En los primeros instantes de mi accidentado despertar creí que estaba acompañado por mis padres, luego, después de recapacitar, recordé que ellos habían salido pasada la medianoche a tomar el tren que los llevaría al pueblo, único medio de transporte de este lugar y el único horario del día. Quise quedarme unos instantes en silencio para tratar de calmarme. A mi mente vinieron las benditas palabras de papá: 

—Cuando estés solo y tengas miedo piensa en nosotros, desde lejos siempre te estaremos cuidando. Y las de mamá: —Reza a la Virgen para que, como la mejor madre, te cuide.

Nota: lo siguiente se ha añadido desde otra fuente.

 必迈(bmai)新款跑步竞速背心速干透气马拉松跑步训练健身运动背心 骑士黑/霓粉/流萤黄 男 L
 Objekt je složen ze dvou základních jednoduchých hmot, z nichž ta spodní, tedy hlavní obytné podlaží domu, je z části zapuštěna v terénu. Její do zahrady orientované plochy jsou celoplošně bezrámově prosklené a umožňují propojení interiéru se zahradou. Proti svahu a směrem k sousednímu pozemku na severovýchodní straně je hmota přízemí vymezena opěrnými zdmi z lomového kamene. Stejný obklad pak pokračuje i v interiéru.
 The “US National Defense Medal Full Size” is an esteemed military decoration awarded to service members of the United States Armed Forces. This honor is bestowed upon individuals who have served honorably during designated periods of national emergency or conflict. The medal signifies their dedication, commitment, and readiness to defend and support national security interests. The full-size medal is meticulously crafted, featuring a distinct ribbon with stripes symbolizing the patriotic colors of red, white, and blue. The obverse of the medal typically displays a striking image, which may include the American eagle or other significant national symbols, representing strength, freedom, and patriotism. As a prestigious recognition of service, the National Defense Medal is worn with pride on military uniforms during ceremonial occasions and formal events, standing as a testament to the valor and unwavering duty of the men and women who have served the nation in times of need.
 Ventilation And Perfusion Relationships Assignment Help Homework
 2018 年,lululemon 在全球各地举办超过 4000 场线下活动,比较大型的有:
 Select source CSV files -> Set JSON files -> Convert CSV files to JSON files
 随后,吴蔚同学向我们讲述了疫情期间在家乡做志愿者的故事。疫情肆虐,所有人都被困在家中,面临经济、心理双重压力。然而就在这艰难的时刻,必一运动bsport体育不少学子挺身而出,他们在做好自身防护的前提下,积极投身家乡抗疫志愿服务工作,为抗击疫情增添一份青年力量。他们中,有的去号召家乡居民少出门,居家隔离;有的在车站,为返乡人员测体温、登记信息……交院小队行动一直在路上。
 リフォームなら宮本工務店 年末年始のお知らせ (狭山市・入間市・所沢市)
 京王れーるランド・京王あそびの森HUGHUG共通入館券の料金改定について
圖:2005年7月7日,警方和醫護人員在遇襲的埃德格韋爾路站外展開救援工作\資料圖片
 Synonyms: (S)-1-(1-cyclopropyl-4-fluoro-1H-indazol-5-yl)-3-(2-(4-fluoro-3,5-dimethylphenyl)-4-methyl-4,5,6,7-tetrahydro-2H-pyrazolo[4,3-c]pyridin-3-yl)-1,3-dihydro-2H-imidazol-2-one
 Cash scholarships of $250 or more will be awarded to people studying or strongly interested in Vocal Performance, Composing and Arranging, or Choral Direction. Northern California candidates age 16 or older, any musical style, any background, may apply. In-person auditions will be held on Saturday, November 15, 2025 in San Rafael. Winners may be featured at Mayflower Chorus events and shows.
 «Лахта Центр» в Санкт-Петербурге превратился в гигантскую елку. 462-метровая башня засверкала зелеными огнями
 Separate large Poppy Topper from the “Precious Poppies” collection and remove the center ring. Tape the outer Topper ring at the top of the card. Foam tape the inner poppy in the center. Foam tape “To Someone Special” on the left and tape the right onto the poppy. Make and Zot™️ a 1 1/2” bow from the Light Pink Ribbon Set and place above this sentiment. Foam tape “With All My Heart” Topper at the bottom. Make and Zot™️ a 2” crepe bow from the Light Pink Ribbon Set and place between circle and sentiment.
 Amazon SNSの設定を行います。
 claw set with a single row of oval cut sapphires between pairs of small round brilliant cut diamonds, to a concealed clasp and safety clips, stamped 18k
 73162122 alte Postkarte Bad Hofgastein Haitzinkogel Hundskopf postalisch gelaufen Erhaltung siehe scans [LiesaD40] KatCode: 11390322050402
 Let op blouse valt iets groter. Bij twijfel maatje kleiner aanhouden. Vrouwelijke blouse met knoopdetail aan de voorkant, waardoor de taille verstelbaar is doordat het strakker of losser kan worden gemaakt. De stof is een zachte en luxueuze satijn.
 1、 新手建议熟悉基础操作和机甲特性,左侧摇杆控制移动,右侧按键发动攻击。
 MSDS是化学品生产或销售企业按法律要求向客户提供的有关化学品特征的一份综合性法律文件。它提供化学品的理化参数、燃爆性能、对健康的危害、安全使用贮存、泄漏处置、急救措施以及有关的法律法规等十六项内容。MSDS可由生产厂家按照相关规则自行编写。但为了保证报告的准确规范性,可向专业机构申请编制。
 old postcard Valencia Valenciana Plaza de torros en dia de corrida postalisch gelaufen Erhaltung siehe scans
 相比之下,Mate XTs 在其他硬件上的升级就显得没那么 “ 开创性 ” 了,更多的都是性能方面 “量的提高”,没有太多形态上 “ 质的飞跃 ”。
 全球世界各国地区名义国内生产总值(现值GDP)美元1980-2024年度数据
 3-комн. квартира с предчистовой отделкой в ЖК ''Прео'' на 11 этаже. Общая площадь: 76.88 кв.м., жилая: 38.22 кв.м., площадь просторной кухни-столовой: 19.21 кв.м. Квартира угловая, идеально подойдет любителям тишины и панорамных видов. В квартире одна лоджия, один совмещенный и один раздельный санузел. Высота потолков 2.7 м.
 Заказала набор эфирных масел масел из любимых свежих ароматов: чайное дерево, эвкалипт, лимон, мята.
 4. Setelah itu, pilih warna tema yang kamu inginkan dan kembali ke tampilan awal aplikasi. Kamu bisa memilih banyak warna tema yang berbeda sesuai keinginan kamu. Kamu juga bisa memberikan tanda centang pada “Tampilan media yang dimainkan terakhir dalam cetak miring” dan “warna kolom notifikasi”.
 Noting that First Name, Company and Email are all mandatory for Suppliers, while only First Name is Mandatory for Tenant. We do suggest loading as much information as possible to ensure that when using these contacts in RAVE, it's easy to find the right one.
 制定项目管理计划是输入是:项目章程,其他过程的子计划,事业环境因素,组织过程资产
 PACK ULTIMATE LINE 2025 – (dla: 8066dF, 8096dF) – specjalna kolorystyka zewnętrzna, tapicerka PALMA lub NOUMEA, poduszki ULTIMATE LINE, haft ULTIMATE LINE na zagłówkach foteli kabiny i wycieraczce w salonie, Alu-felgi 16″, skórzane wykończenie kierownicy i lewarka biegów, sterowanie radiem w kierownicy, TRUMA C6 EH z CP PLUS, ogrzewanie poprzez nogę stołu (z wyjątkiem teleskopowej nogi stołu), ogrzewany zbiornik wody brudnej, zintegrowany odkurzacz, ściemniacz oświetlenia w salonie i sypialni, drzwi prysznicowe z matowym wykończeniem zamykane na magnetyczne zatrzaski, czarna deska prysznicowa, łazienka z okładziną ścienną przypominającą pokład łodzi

Aquella noche tuve que quedarme solo en casa pues venía saliendo recién de la enfermedad que siempre me ha perseguido, la bronquitis, que muchas veces me ha tenido rendido a sus pies, especialmente en la temporada invernal. Ellos no quisieron arriesgar la cura de este padecimiento, prefiriendo viajar solos a hacer sus acostumbrados trámites y las obligadas compras.

Mis padres eran mi mejor compañía siempre, en todo momento; sólo me ausentaba cuando tenía que ir a estudiar, o ellos las escasas veces que no los pude acompañar, como esta vez, al momento de hacer el obligado viaje al pueblo.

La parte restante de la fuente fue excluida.